By now hot BBC property, Onions was sent to America to fill the Corporation’s prestigious new post of New York News Organiser, with an office at the heart of Manhattan in the Rockefeller Centre. His family moved with him – including Louise, after Onions once again typically fought and vanquished the bureaucrats reluctant to support her care in the US.
Back to Blighty
It was a golden professional period. Far from being daunted by history in the making, Onions relished his instinct for it, orchestrating the BBC’s coverage of major international events like the assassinations of Martin Luther King and Robert F Kennedy, and of course the Apollo moon shot, taking Doris and Sarah down to Florida to watch the launch of Apollo 11.
He had an instinct for improvising too. A quick whip-round among the office wallets secured an exclusive interview with Muhammad Ali. The gossip of American journalists overheard from an adjoining office, enabled him to scoop everyone on the news of Jackie Kennedy’s wedding plans with Onassis.
But eventually he wanted to bring his family back to England, and this was where he fell out with Aunty BBC. Onions’ restlessly creative spirit couldn’t stand being shunted into a London desk job as Foreign News Editor.
Just then, however, the wholly new challenge of commercial radio came to the rescue. First (thanks to its chairman Richard Attenborough, with whom he remained friends for the rest of his life) Onions became boss of the London music station Capital Radio’s fledgling newsroom.
Then in 1974 he was appointed head of LBC, to rescue the new talk station from its stuttering start. The story goes that before his appointment, Onions rang up to complain about its news coverage so often, the infuriated news editor threw the phone across the room.
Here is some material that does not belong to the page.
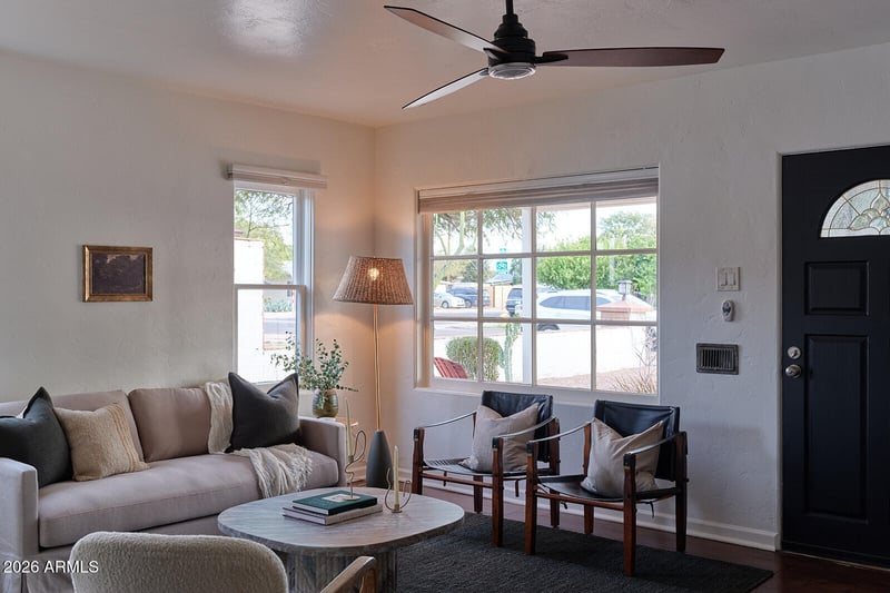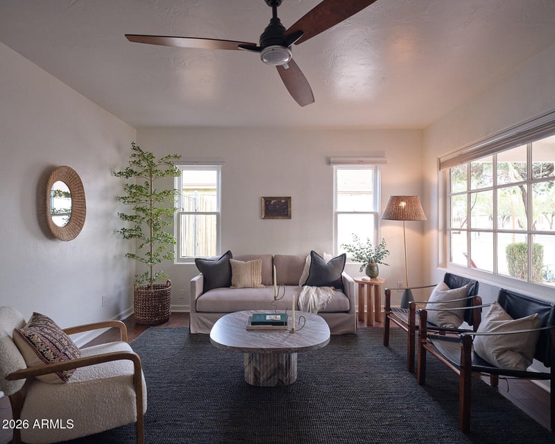 Listing details for 1442 Palm Ln, Phoenix, AZ 85006 : Located in the beloved Historic Coronado Neighborhood of Midtown Phoenix, this 1,413 square foot home sits among tree-lined streets in one of the city's most enduring communities. The three-bedroom, two-bath layout balances original character with thoughtful improvements, including a new HVAC system (2024), water heater (2023), fresh paint (2026), and completely refreshed landscaping in both the front and back yards. Inside, natural light carries through the main living spaces into an updated kitchen with stainless steel appliances and granite countertops. The layout feels intuitive and comfortable, equally suited for quiet evenings at home or hosting. Outside, a covered patio extends the living space, while the desert landscaping offers a low-maintenance backdrop designed for year-round Arizona living. Just minutes from Coronado Park, the shops and restaurants along McDowell's Miracle Mile, and a short bike ride to Roosevelt Row, this home reflects the historic charm, neighborhood pride, and everyday livability that continues to define Midtown Phoenix.

Both modest and a realist, Onions knew the revolutionary impact of LBC/IRN, but would always downplay his role, preferring to credit the talent of the teams he employed. Nevertheless in 1983 he was awarded an OBE for his services to broadcasting.
A kind, humane and very remarkable man
Unsurprisingly, his career never quite attained the same peak, though subsequent highlights included being Jazz FM’s first programme controller – combining his love of broadcasting with the love of jazz he and his wife Doris had passionately shared since they were young newlyweds, dancing at Ronnie Scott’s. Ella Fitzgerald and Van Morrison came to the station’s opening.
Onions had also formed a lifelong friendship with the famous bandleader and raconteur Humphrey Lyttleton, who dedicated a song in the couple’s honour, ‘the Onions.”
There was one last professional hurrah, launching a successful bid with Reuters to win the franchise for LBC in 1991.
Retirement, however, brought a new happiness, as he devoted his life to his family: Doris, Sarah and Louise, and the two grandchildren he adored, Lucy and Joseph. Their memories are of someone who fitted exactly what a Grandad should be: funny, generous and a bit adventurous.
He might get lost, the blow-up rowing boat might capsize, but you were always loved and looked after. His visible joy at seeing his grandchildren arrive on the doorstep never diminished.
The heartache of his daughter Louise’s death helped produce his last achievement. ‘Don’t Bring Lulu”, is her life story, told through the interwoven viewpoints of her father, mother and sister. The book was an idea conceived by Ron’s elder daughter Sarah, and it rescued him from the black dog melancholy that had sometimes been the dark side of his creative spirit.
Ron, Sarah and Doris wrote it together, drawing on the family’s own archives, and it is due for publication soon: a fitting final memorial to a kind, humane and very remarkable man.
Ron Onions OBE, born 27th August 1929, died 27th May 2012, married to Doris, children Sarah and Louise. He is survived by his wife Doris, his elder daughter Sarah, and his grandchildren Lucy and Joseph.